==== COLLECTED DATA ====
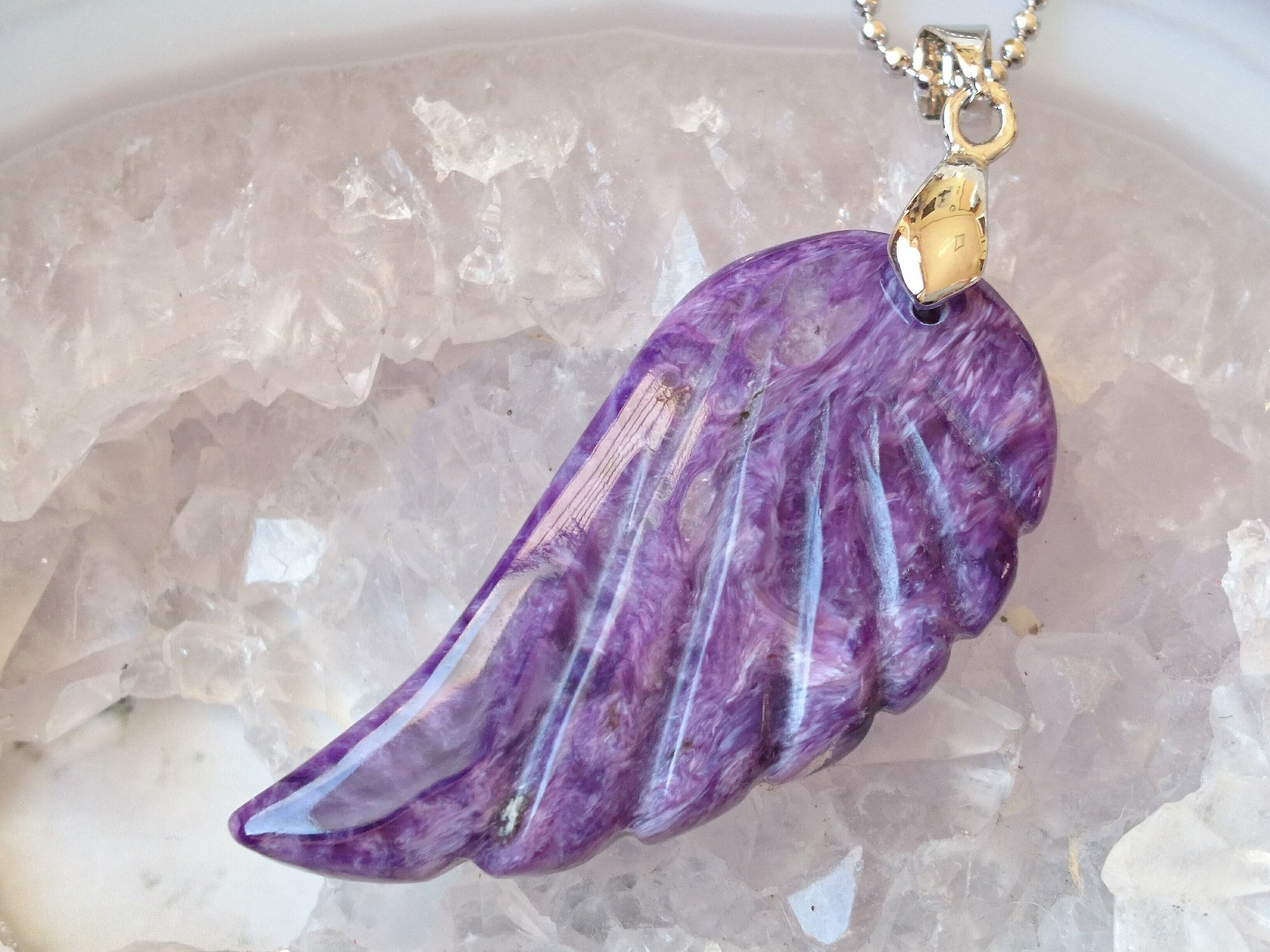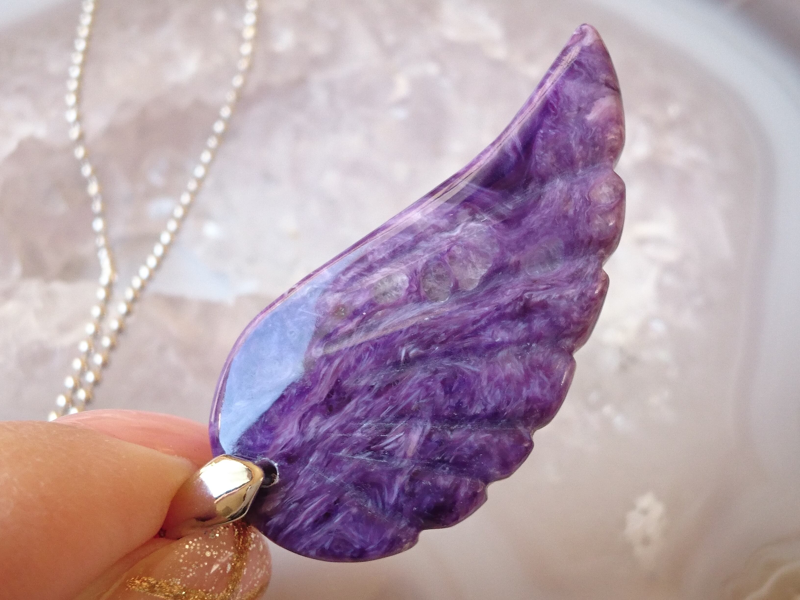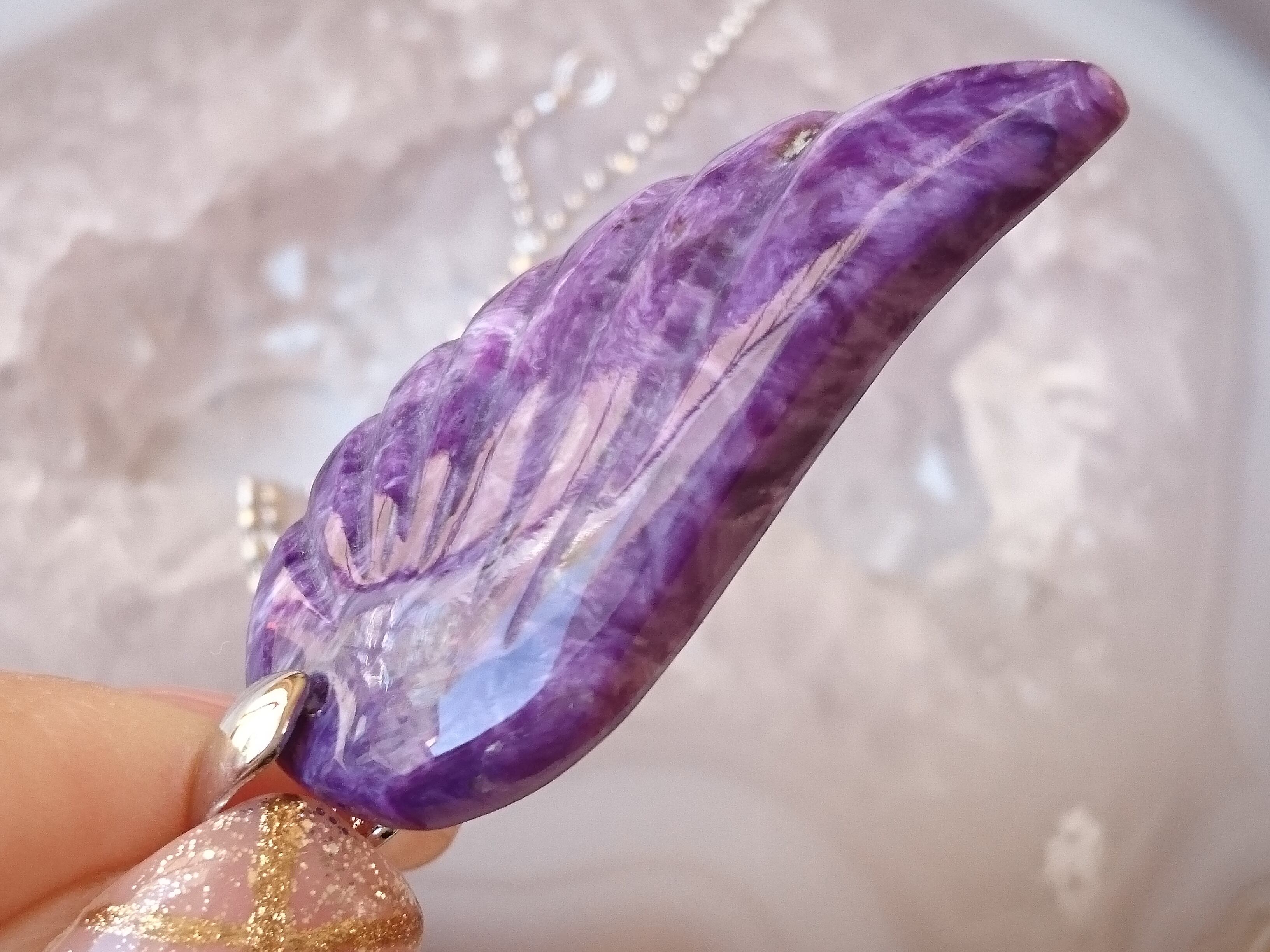 両面美しいマーブル模様のチャロアイトです✨美しい手彫り羽カービング✨
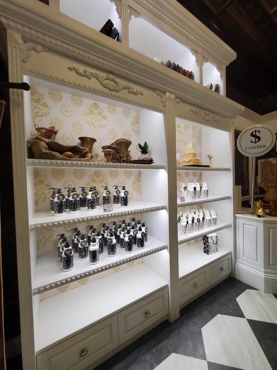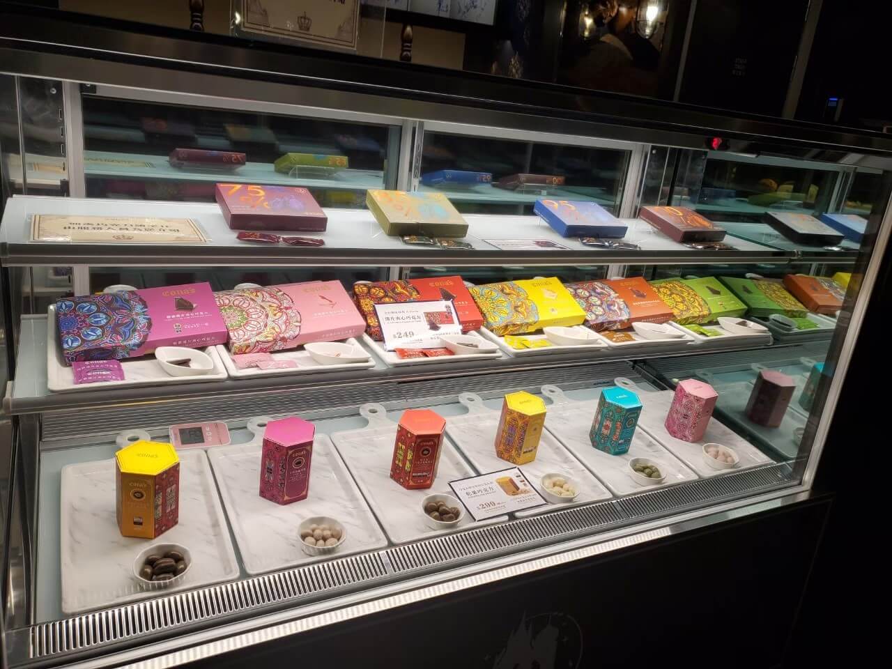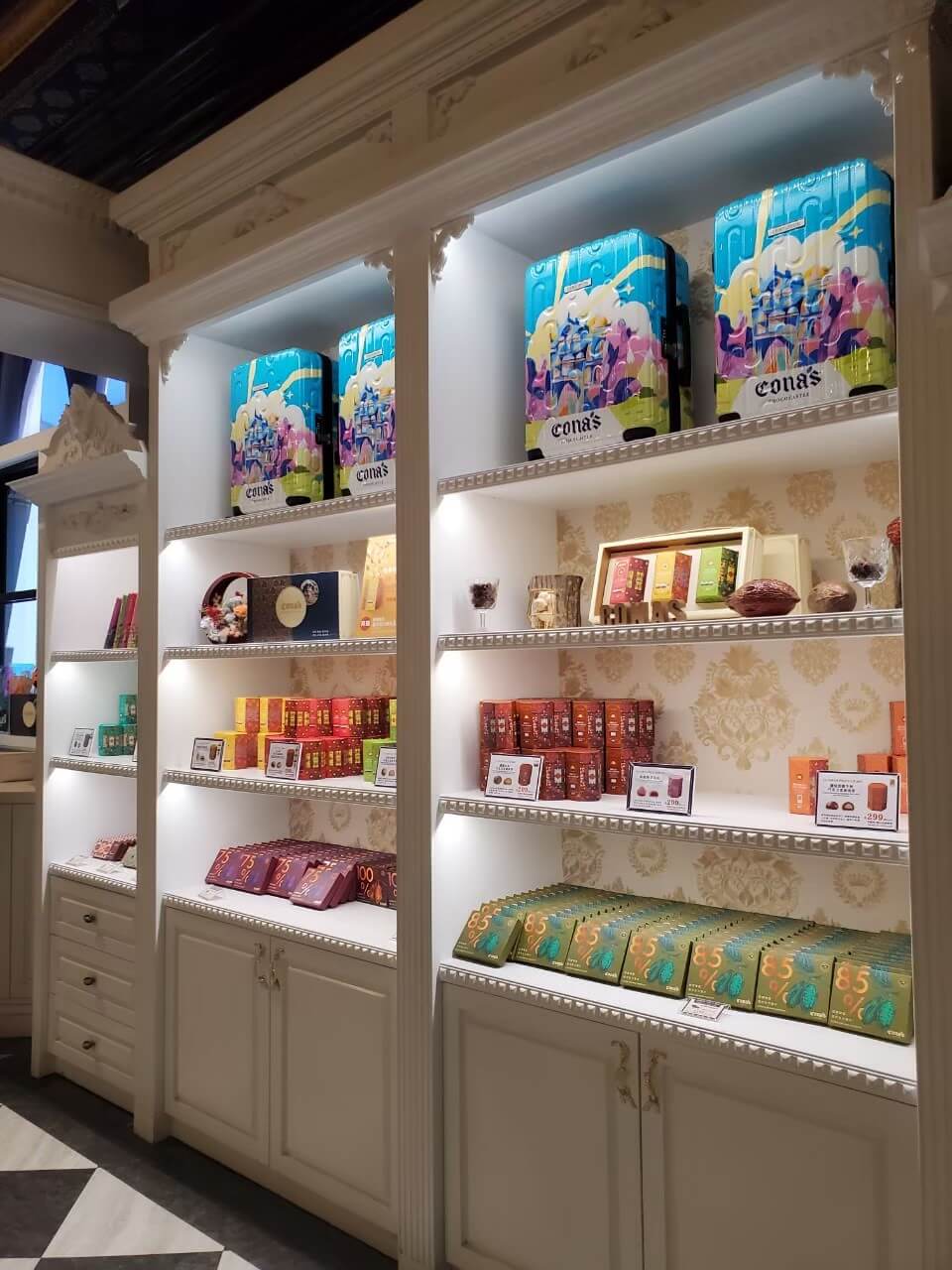妮娜巧克力夢想城堡總共有三層,第一次除了一進門看到的光雕秀舞台以外,剩下的空間就是販賣跟巧克力有關的商品,雖然空間不大,但是商品種類很多,讓我看得眼花撩亂,我看有不少人都買了好幾千塊的巧克力回去
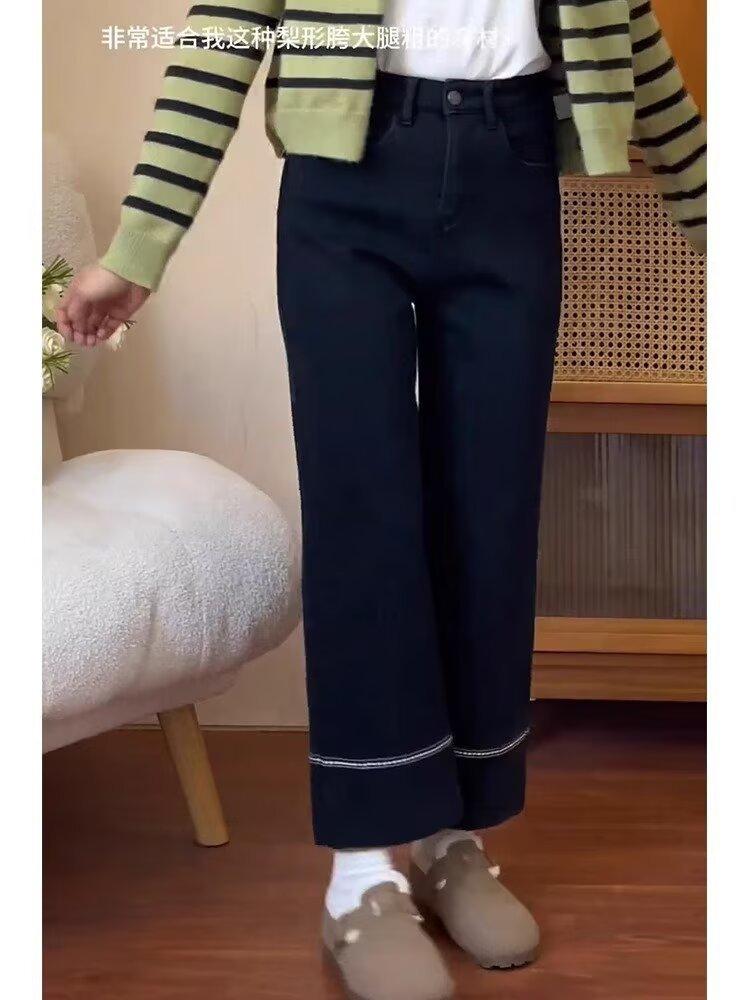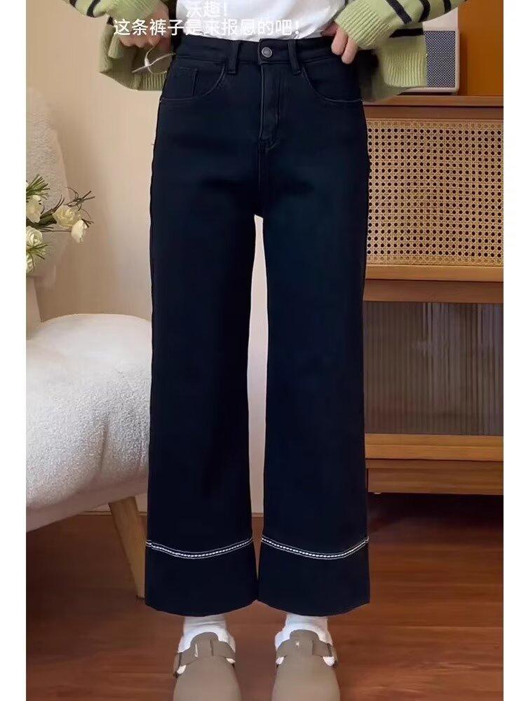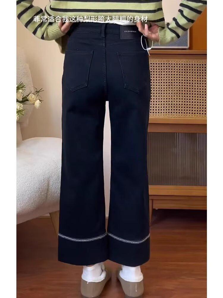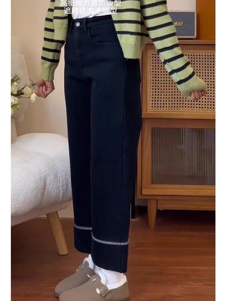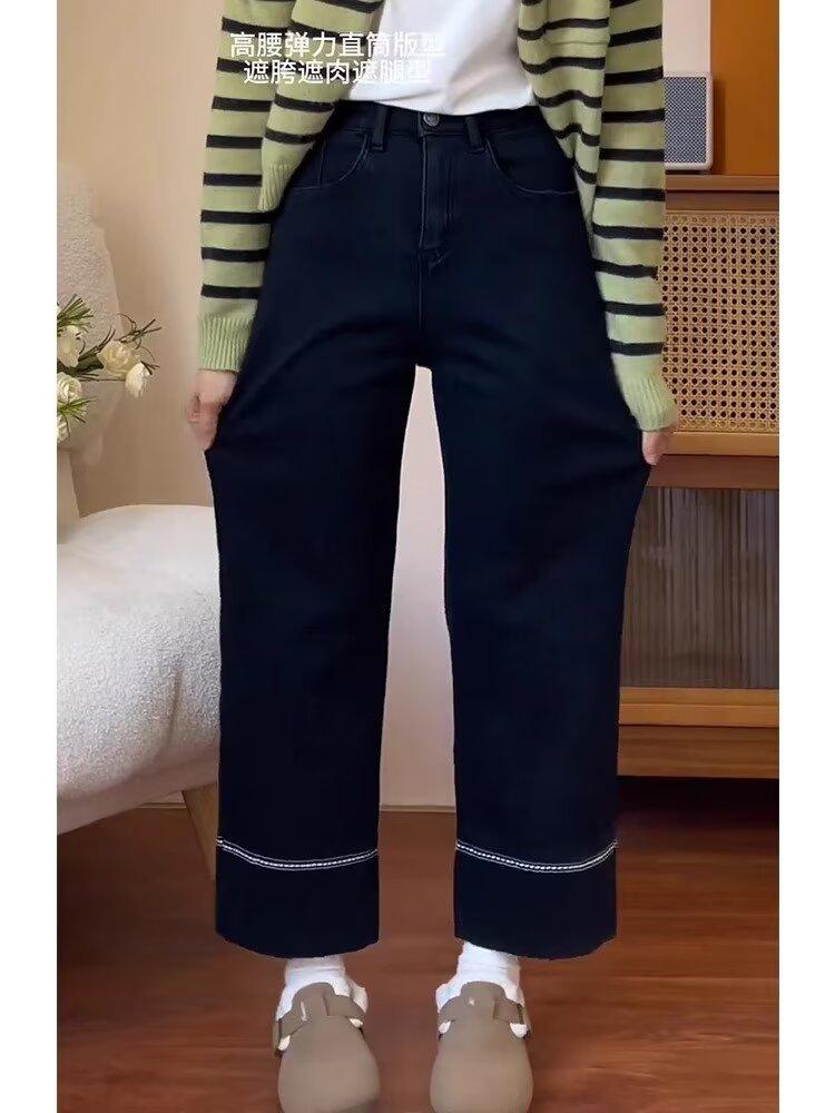 Jeans Rectos Negros Elásticos Retro Estilo Americano para Mujer Primavera y Otoño Nuevo Cintura Alta Adelgazantes Pantalones Recortados para Chicas Gorditas
====
- **WHAT THIS TASK INVOLVES**
Without including any pictures, print all of the material exactly as given.

- **PROBLEM SOLUTION**
 両面美しいマーブル模様のチャロアイトです✨美しい手彫り羽カービング✨
妮娜巧克力夢想城堡總共有三層,第一次除了一進門看到的光雕秀舞台以外,剩下的空間就是販賣跟巧克力有關的商品,雖然空間不大,但是商品種類很多,讓我看得眼花撩亂,我看有不少人都買了好幾千塊的巧克力回去
 Jeans Rectos Negros Elásticos Retro Estilo Americano para Mujer Primavera y Otoño Nuevo Cintura Alta Adelgazantes Pantalones Recortados para Chicas Gorditas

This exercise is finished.